Search code examples
pythonpandasdataframegroup-byfind

pandas - find first occurrence


Suppose I have a structured dataframe as follows:

df = pd.DataFrame({"A":['a','a','a','b','b'],
                   "B":[1]*5})

The A column has previously been sorted. I wish to find the first row index of where df[df.A!='a']. The end goal is to use this index to break the data frame into groups based on A.

Now I realise that there is a groupby functionality. However, the dataframe is quite large and this is a simplified toy example. Since A has been sorted already, it would be faster if I can just find the 1st index of where df.A!='a'. Therefore it is important that whatever method that you use the scanning stops once the first element is found.


Solution

  • idxmax and argmax will return the position of the maximal value or the first position if the maximal value occurs more than once.
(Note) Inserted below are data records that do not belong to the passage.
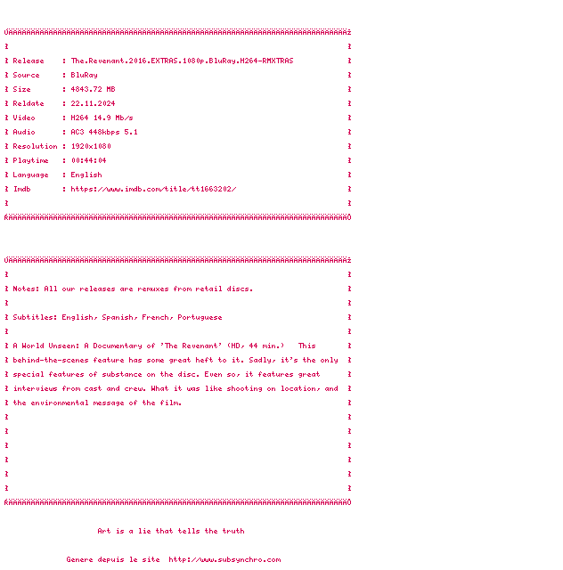 Le commentaire de morfale Commente par morfale (9), Le Dimanche 20 Mars 2016 à 14h55 Il est des films qui se vivent plus qu'ils ne se regardent. Des films aussi agressifs qu'une attaque de grizzli et pourtant tout aussi sublimes que les paysages enneigés de l'Ouest américain. Des films où le perfectionnisme du réalisateur sublime chaque plan et où l'intensité de l'interprétation est implacable telle une aveugle soif de vengeance. Des films qui transcendent l'abominable beauté de l'âme humaine et laisse des traces aussi éclatante qu'une tâche de sang sur un sol enneigé. THE REVENANT fait indéniablement partie de ces films-là . 10 / 10 3 1
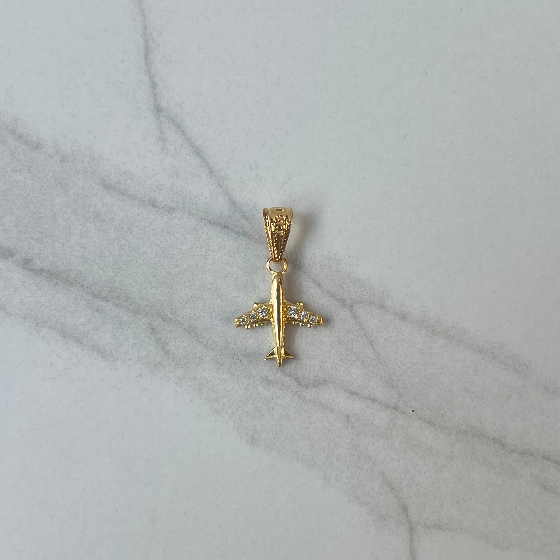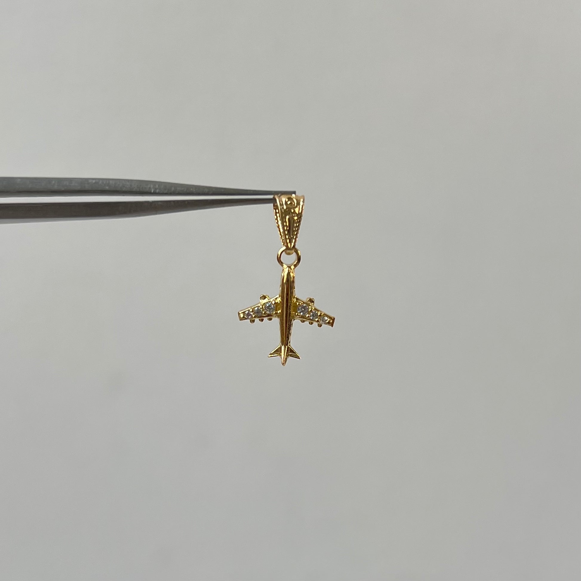DIJE AVION CON CIRCON BLANCO ORO AMARILLO 18K 0,57 GR / 10 MM / 1,3 CM
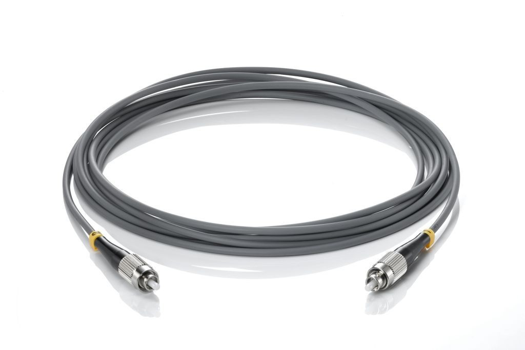 Konfektioniertes Monomode-Glasfaserkabel fuer den Innenbereich, 1 Faser, FC/PC Anschluss an beiden Seiten, Laenge 10 m.
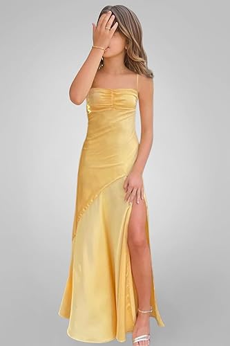 Features: This A-line Floor-Length Satin Junior Bridesmaid Dress for Wedding Teen Girls with Spaghetti Strap, long, Sweetheart Neck, Pleated, Drawstring Back, ruffle, with slit, sleeveless, Backless, ruched bodice, strapless, empire waist, high waist, lace up back, floor length and fully lined; Perfect for toddler girls/ little girls/ teen girls/ junior girls/ tween girls
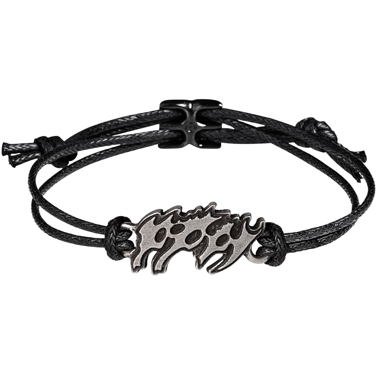 • Monté sur un bracelet en cordon noir réglable avec une fermeture sécurisée en étain noirci, ce bracelet allie audace et confort.
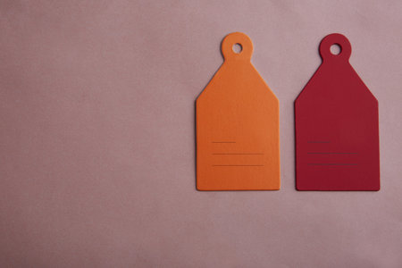 Two blank label mockup isolated on pink background. Plain empty name tag mock up with red and orange label. Top view. Horizontal
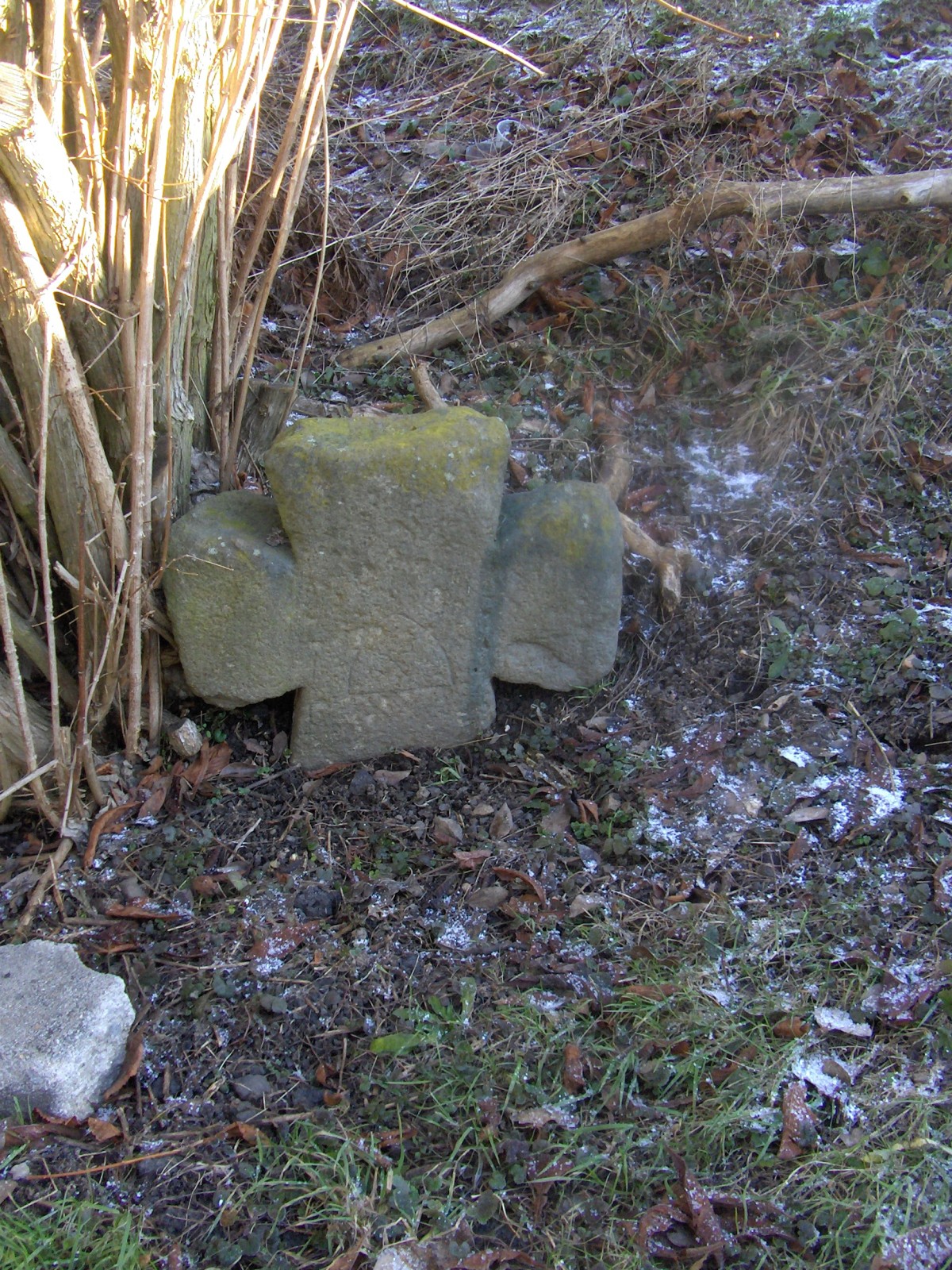 Malý nenápadný smírčí kříž, který vyčnívá asi 40 cm nad terénem, je schován pod vysokým keřem v prudkém náspu silnice přímo proti hotelu Slunce v obci Lužný, 300 metrů od vlakové zastávky Perštejn.
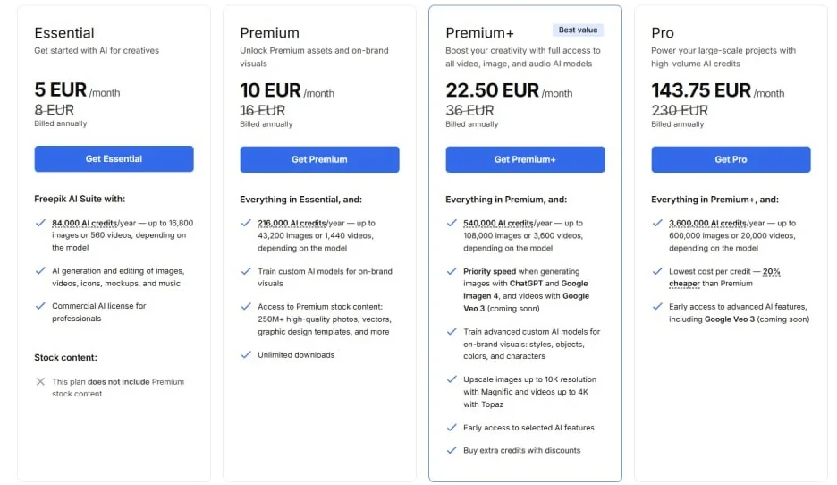 У Freepik есть бесплатный тариф, но он подойдет скорее для знакомства с платформой, чем для полноценной работы. Генерация видео, создание персонажей и собственных стилей в нем недоступны. Кроме того, каждый день пользователь получает только 20 кредитов на создание картинок, а расходуются они довольно быстро: одно изображение стоит 2 кредита, а простая правка вроде удаления фона — уже 3–5. Еще одно важное ограничение бесплатной подписки — отсутствие права на коммерческое использование созданного контента.
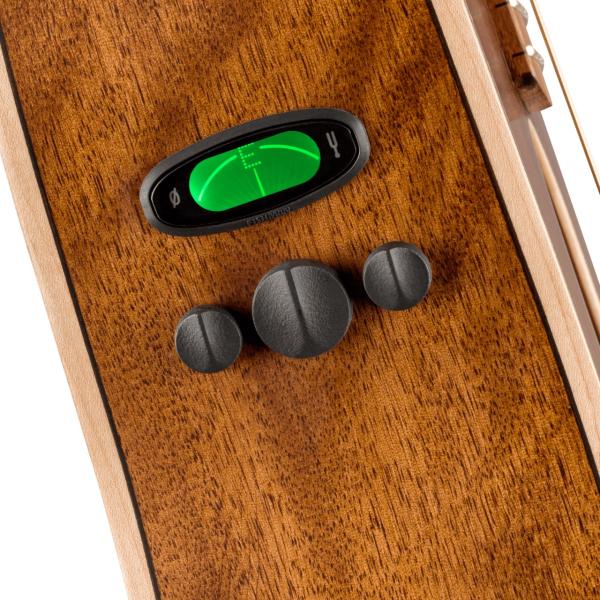 フィッシュマンのエレクトロニクス搭載で宅録からストリートまで使えるうれしいエレアコ仕様。チューナー搭載なので普段の練習にも重宝します。
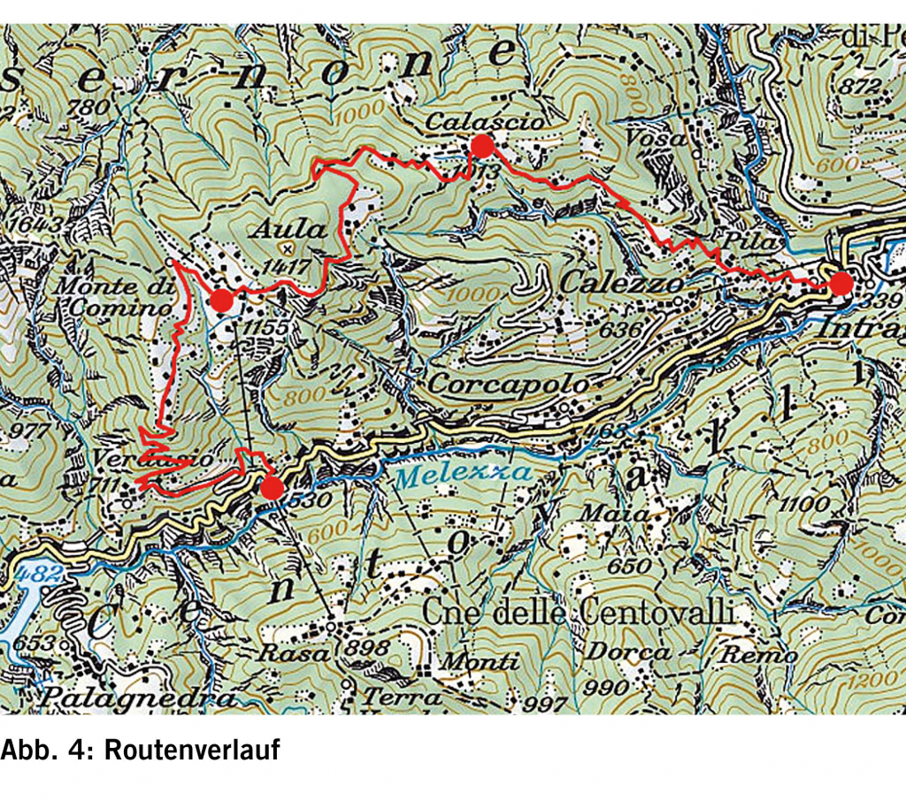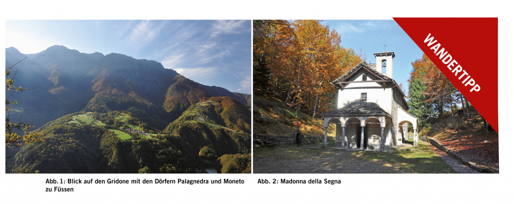 Wir steigen vom Bahnhof zur Kantonsstrasse hinauf und stossen kurz vor der Brücke über den Ri della Segna bergseitig auf den alten Zugangsweg nach Verdasio. Jenseits des Baches liegt die Talstation der besagten Bahn zum Monte di Comino hinauf. Unser Pfad führt uns am Westrand des Weilers Verguno vorbei und quert nordwestlich der Talstrasse den besagten Bach. Wir gelangen zur Fahrstrasse nach Verdasio und folgen dieser bis zum Dorfeingang. Dort zweigt der breite und grossteils befestigte Saumweg zu den weit verstreuten Häusergruppen des Monte di Comino ab. Über weite Kehren im Wald gewinnt er allmählich an Höhe und bietet immer wieder herrliche Ausblicke in das viel gegliederte Tal mit seinen Dörfern, Maiensässen und Alpen (Abb. 1). Prächtig ist das Farbenspiel der herbstlichen Wälder. Zwei Wegkapellen säumen den Weg bis zur Wallfahrtskapelle von Madonna della Segna (Abb. 2), wobei nur in der oberen der Beiden noch Teile von Fresken erhalten geblieben sind. Auf Monte di Comino halten wir kurze Rast im Ecohotel Alla Capanna, das auch die Möglichkeit zur Übernachtung bietet.
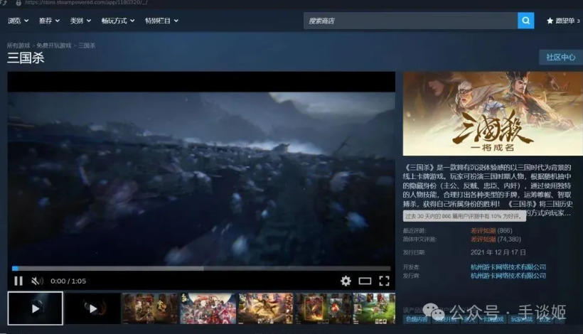 提到中国游戏界的史诗级作品,很多姬友大概会讨论半天应该抬哪个上此宝座;但如果提到中国游戏界的史诗级粪作,大概所有姬友都会统一端出Steam平台《三国杀》那震撼人心的差评率。
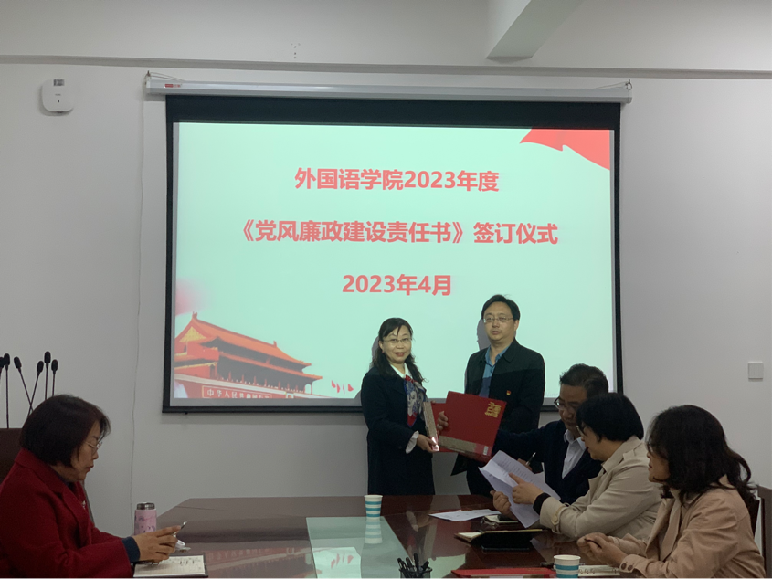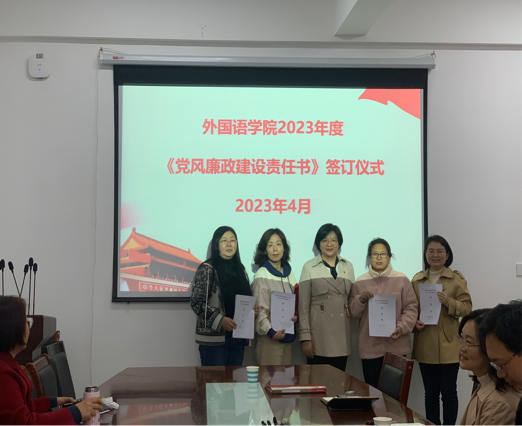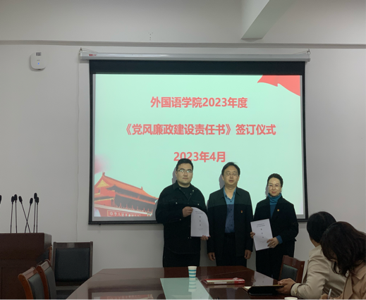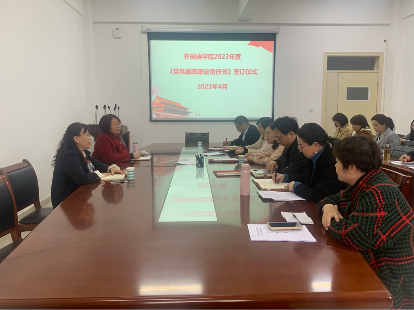 本网讯(特约记者/来蔓均)为深入学习贯彻习近平新时代中国特色社会主义思想和党的二十大精神,切实履行党风廉政建设责任制,2023年4月10日,外国语学院在19教201会议室开展2023年度《党风廉政建设责任书》签订仪式。仪式由学院党委书记赵万哲主持,院长海霞及学院全体副科级以上领导干部参加。

    use idxmax on df.A.ne('a')

    df.A.ne('a').idxmax()
    
    3
    

    or the numpy equivalent

    (df.A.values != 'a').argmax()
    
    3
    

    However, if A has already been sorted, then we can use searchsorted

    df.A.searchsorted('a', side='right')
    
    array([3])
    

    Or the numpy equivalent

    df.A.values.searchsorted('a', side='right')
    
    3